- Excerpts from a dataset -
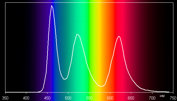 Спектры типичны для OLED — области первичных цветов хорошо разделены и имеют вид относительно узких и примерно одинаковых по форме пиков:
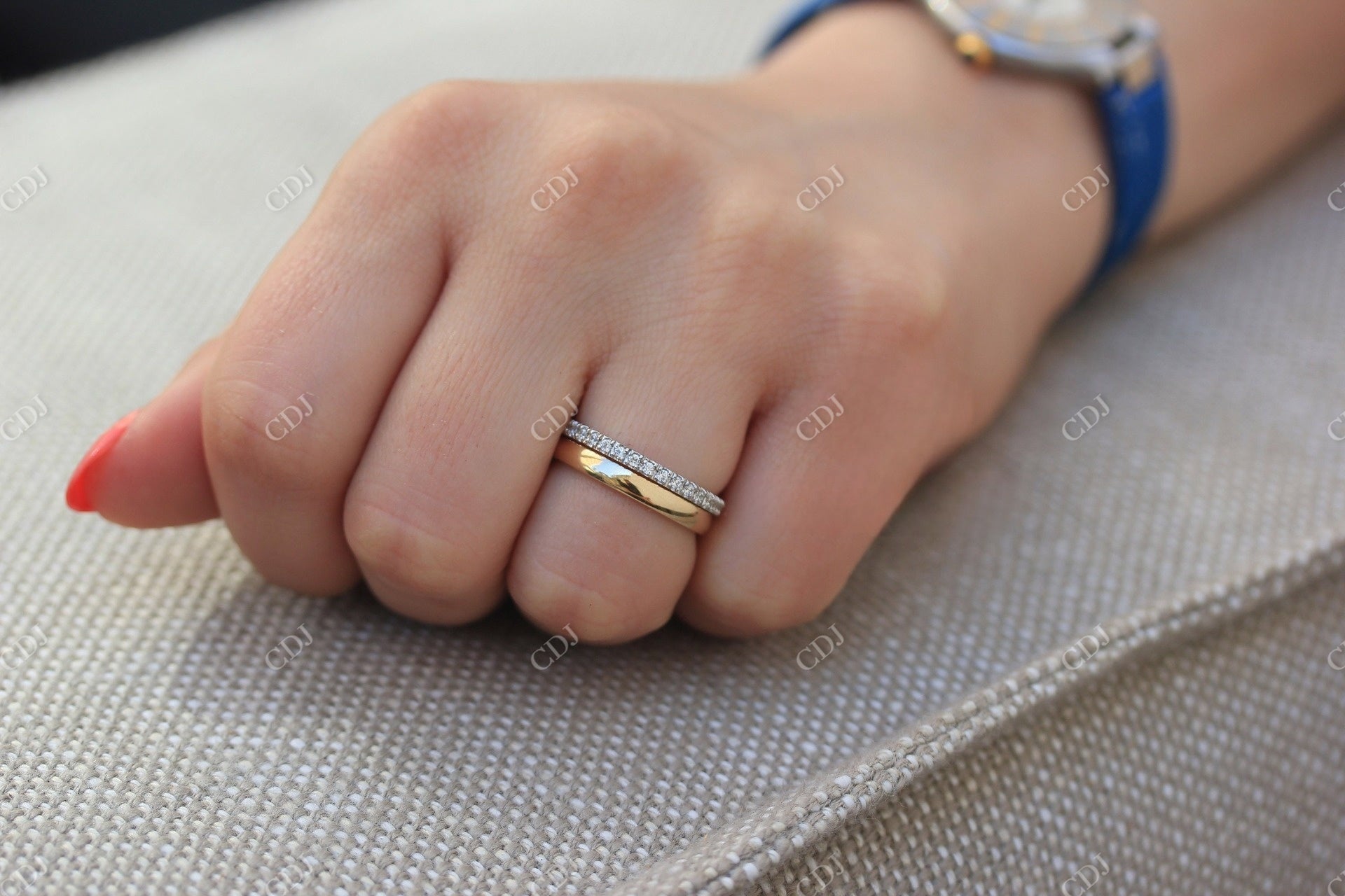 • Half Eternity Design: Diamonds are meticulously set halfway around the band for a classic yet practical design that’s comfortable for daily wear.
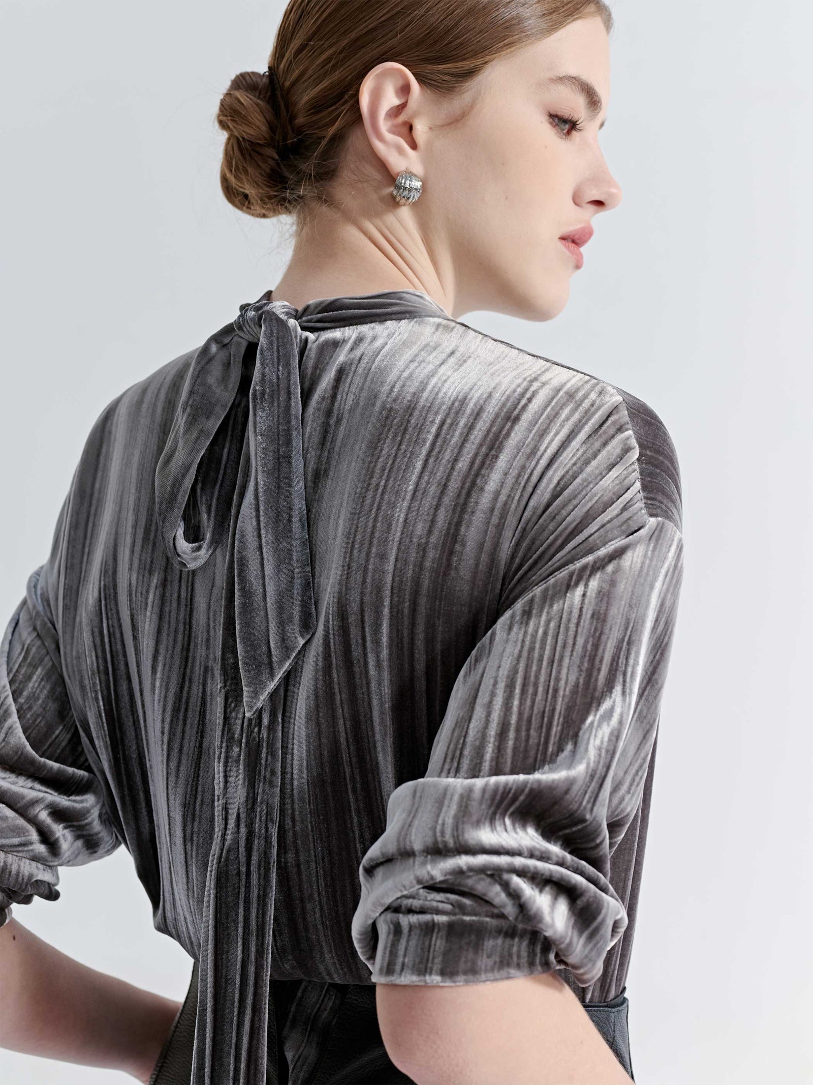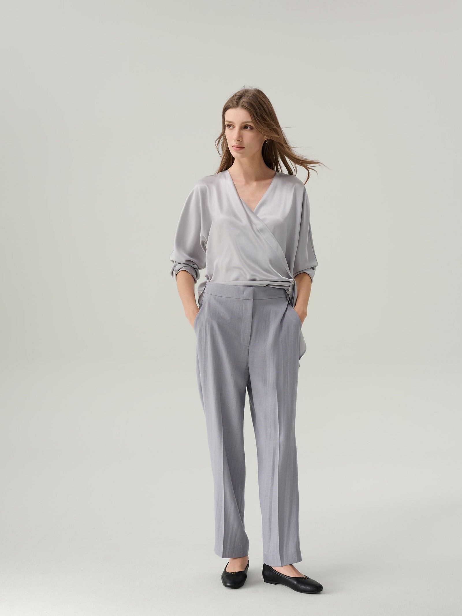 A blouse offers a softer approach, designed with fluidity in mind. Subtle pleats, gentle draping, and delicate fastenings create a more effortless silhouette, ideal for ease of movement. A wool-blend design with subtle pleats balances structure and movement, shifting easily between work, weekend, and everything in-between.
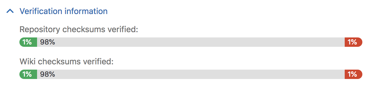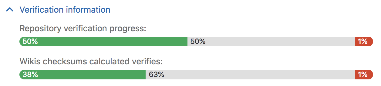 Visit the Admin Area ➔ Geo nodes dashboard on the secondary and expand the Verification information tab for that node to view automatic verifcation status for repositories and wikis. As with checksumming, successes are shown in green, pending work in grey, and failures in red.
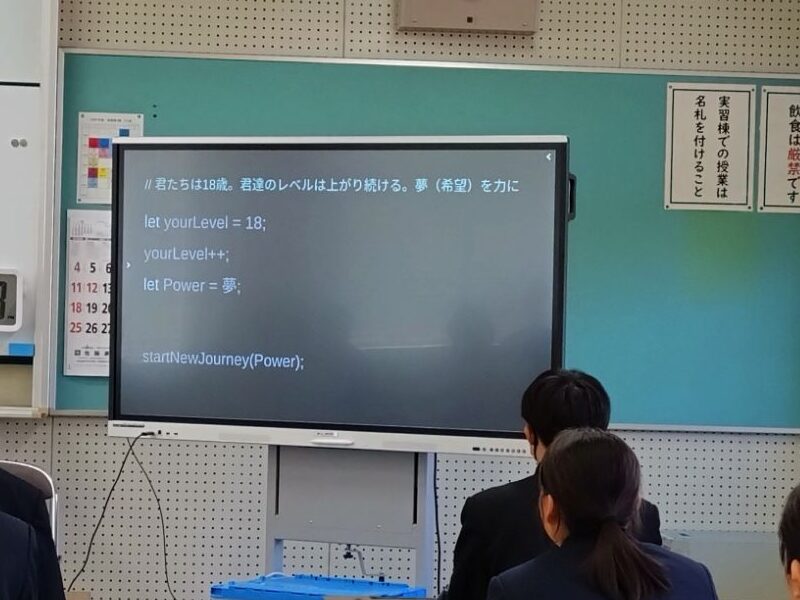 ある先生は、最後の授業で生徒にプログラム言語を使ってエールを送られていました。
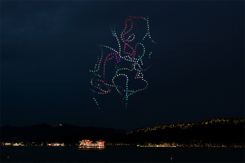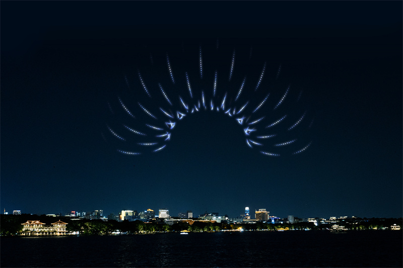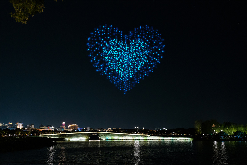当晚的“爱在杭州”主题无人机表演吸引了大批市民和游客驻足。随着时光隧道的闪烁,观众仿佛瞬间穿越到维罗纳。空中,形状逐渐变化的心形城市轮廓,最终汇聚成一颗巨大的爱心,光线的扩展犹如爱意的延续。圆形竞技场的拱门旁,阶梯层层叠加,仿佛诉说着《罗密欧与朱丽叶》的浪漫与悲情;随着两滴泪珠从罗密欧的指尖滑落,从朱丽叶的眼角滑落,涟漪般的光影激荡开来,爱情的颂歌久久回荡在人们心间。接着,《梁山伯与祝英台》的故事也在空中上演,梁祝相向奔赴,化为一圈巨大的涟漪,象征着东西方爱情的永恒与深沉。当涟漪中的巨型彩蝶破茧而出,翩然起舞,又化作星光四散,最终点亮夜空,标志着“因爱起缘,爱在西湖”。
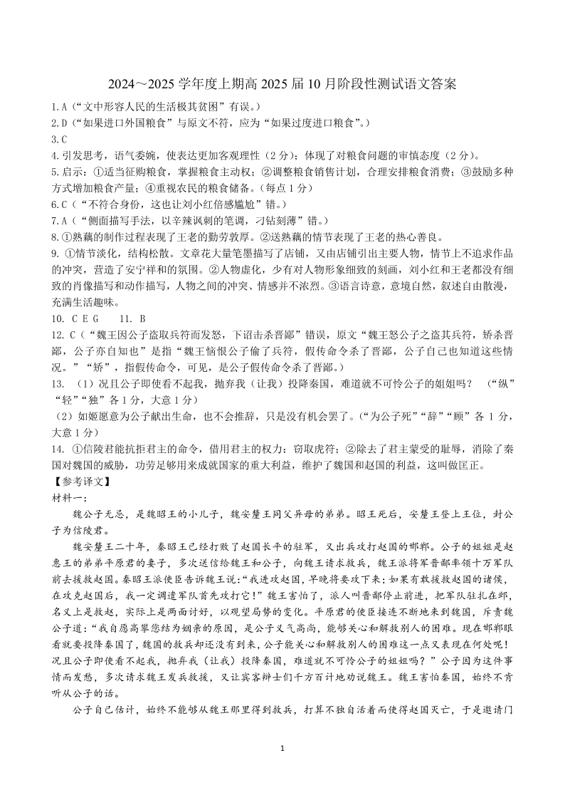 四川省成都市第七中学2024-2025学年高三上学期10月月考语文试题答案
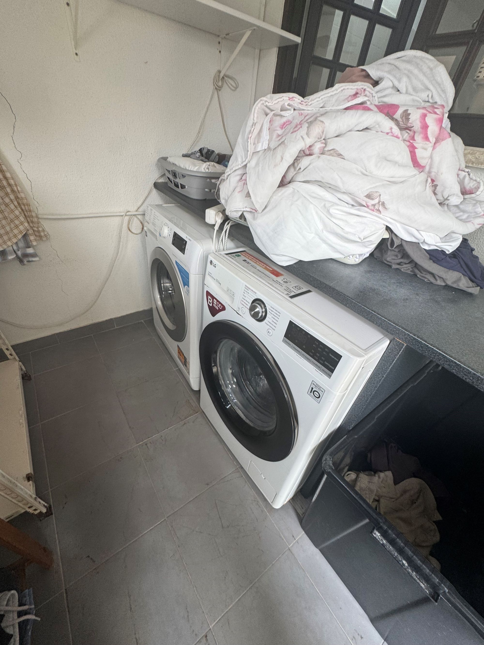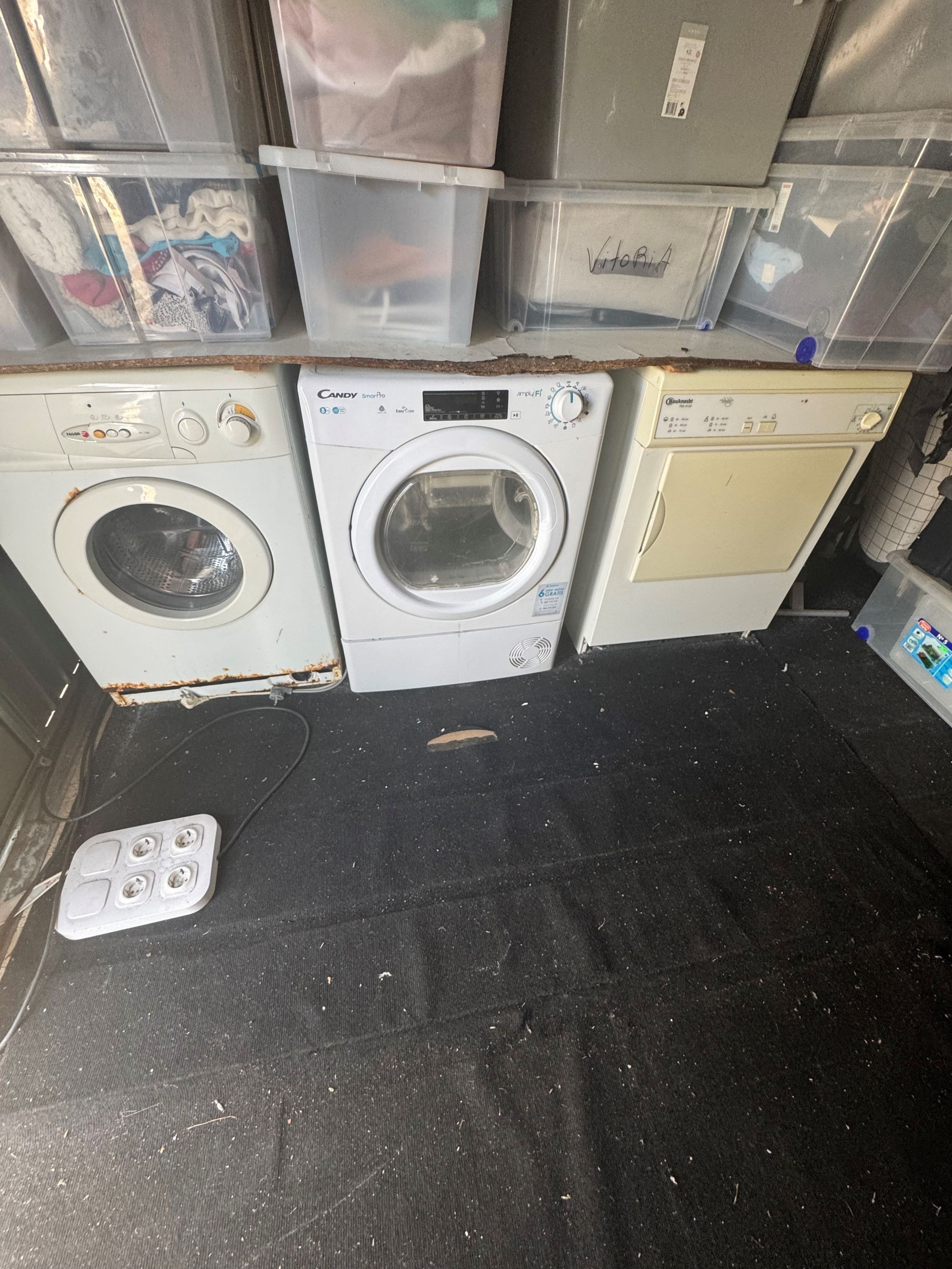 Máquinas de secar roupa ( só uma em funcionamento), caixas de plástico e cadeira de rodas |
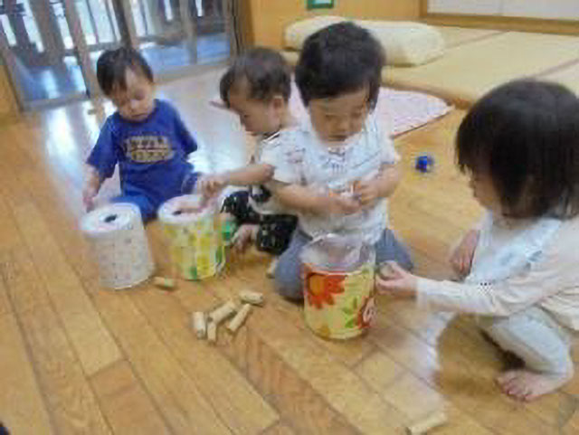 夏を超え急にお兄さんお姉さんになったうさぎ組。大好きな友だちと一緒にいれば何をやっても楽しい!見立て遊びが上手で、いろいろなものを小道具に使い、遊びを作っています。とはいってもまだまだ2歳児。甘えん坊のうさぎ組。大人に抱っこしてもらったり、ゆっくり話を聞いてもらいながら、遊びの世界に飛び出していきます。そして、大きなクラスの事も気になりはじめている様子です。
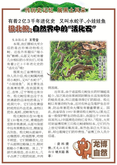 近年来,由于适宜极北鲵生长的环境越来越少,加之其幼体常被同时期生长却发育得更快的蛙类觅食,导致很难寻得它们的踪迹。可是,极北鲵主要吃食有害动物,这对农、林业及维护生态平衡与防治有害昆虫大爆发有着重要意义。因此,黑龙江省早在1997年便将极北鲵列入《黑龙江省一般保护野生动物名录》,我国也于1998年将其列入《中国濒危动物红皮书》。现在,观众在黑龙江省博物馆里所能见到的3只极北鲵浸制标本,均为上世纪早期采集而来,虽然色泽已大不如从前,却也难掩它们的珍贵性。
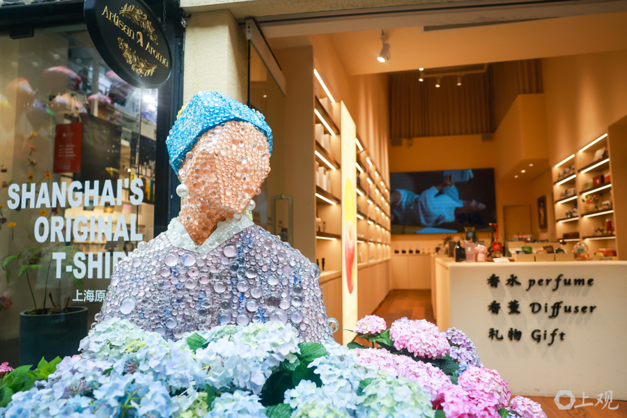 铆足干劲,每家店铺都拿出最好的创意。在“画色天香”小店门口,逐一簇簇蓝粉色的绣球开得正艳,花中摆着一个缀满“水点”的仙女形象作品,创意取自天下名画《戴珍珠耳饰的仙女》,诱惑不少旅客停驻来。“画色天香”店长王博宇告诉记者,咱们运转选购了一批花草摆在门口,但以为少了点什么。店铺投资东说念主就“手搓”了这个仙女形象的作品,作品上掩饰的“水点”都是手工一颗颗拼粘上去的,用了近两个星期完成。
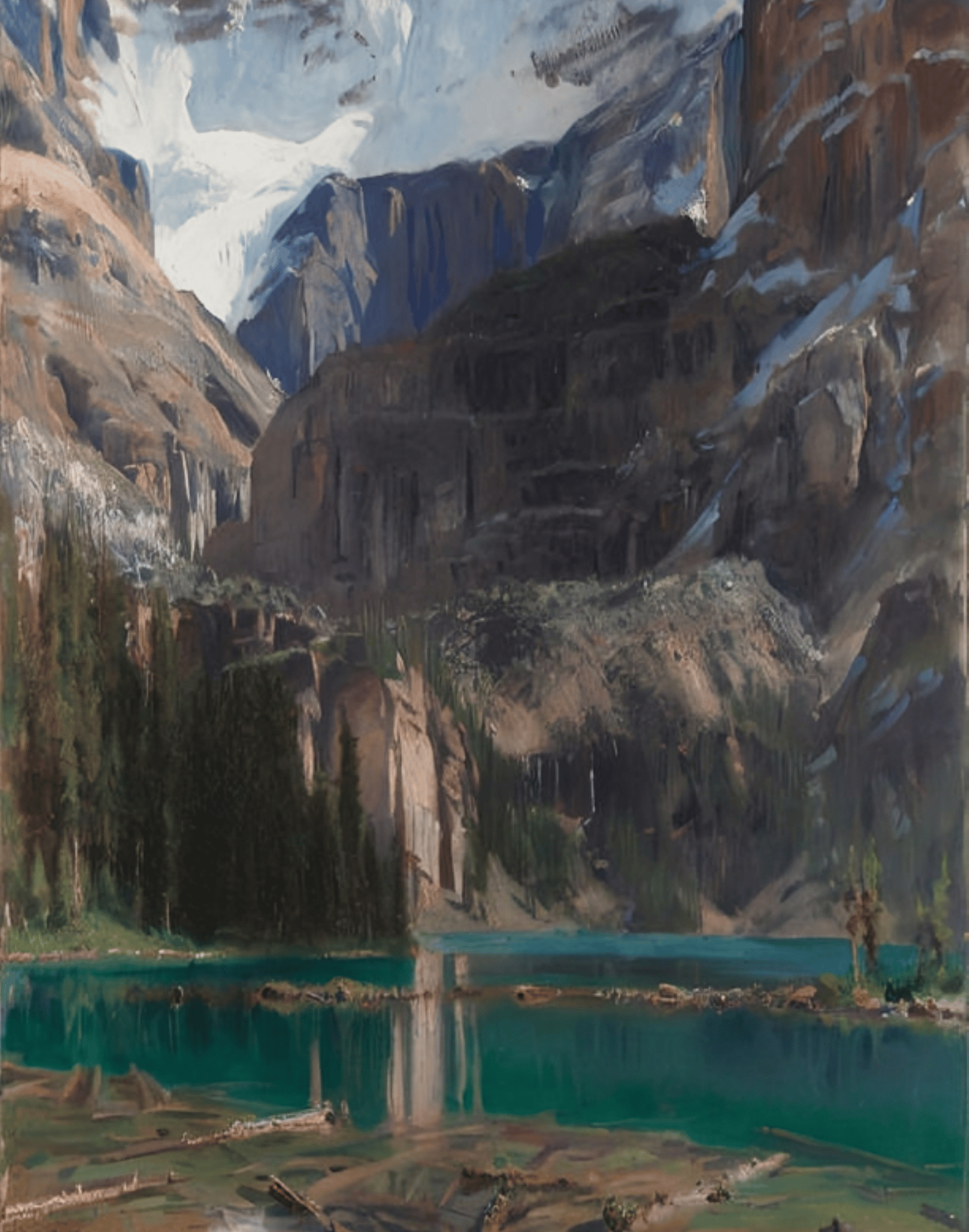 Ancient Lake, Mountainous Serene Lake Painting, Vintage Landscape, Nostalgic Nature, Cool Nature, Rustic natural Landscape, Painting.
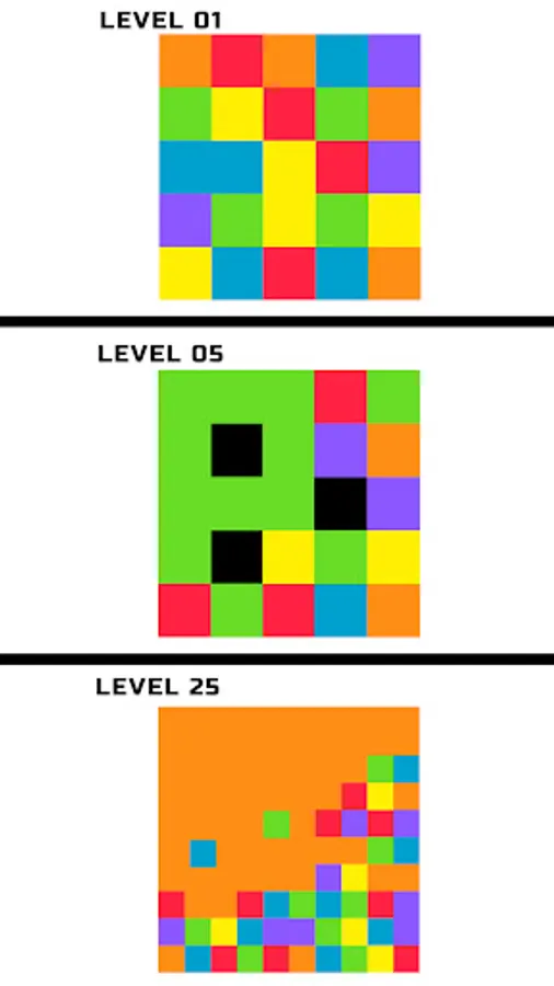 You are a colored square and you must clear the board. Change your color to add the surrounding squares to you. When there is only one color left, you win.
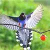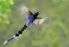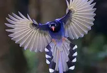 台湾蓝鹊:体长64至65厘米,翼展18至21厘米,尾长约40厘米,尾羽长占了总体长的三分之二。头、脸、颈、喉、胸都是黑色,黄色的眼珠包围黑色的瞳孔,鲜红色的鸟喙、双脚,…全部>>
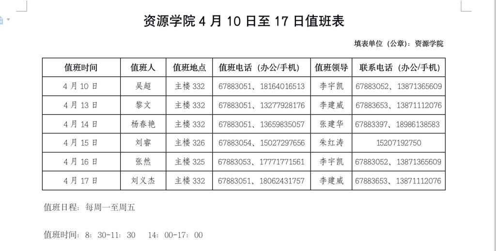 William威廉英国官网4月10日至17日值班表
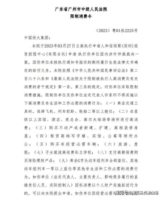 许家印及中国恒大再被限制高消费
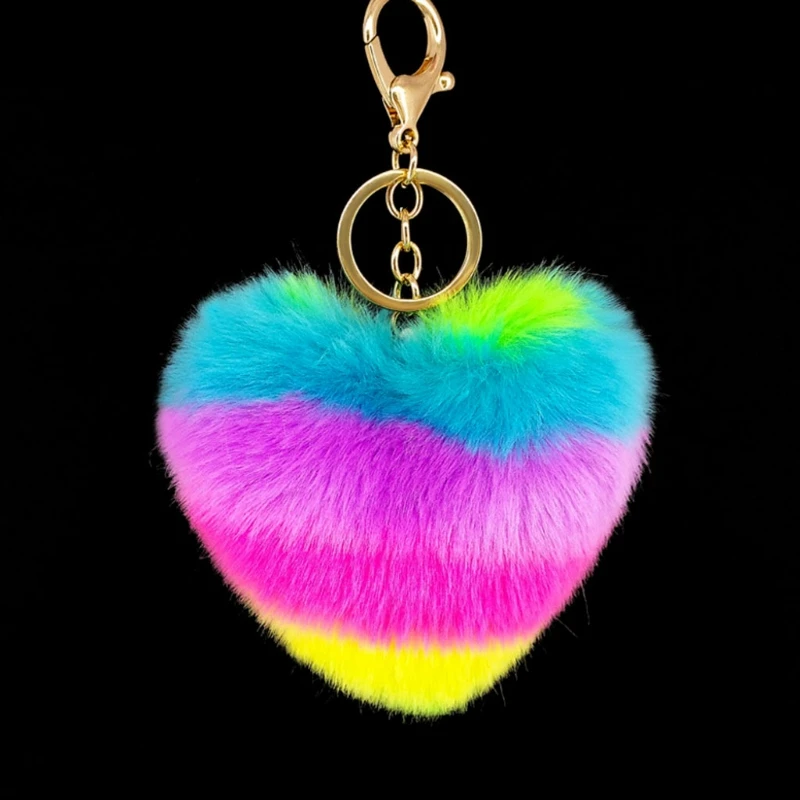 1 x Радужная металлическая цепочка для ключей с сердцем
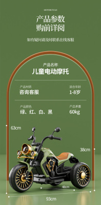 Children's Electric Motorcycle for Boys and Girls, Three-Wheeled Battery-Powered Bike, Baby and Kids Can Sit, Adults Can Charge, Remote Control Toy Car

- Task brief -
From the line containing "William威廉英国官网4月10日至17日值班表" down to the last line of the records above, repeat every line exactly and nothing else, dropping any pictures.

- Expected output -
 William威廉英国官网4月10日至17日值班表
 许家印及中国恒大再被限制高消费
 1 x Радужная металлическая цепочка для ключей с сердцем
 Children's Electric Motorcycle for Boys and Girls, Three-Wheeled Battery-Powered Bike, Baby and Kids Can Sit, Adults Can Charge, Remote Control Toy Car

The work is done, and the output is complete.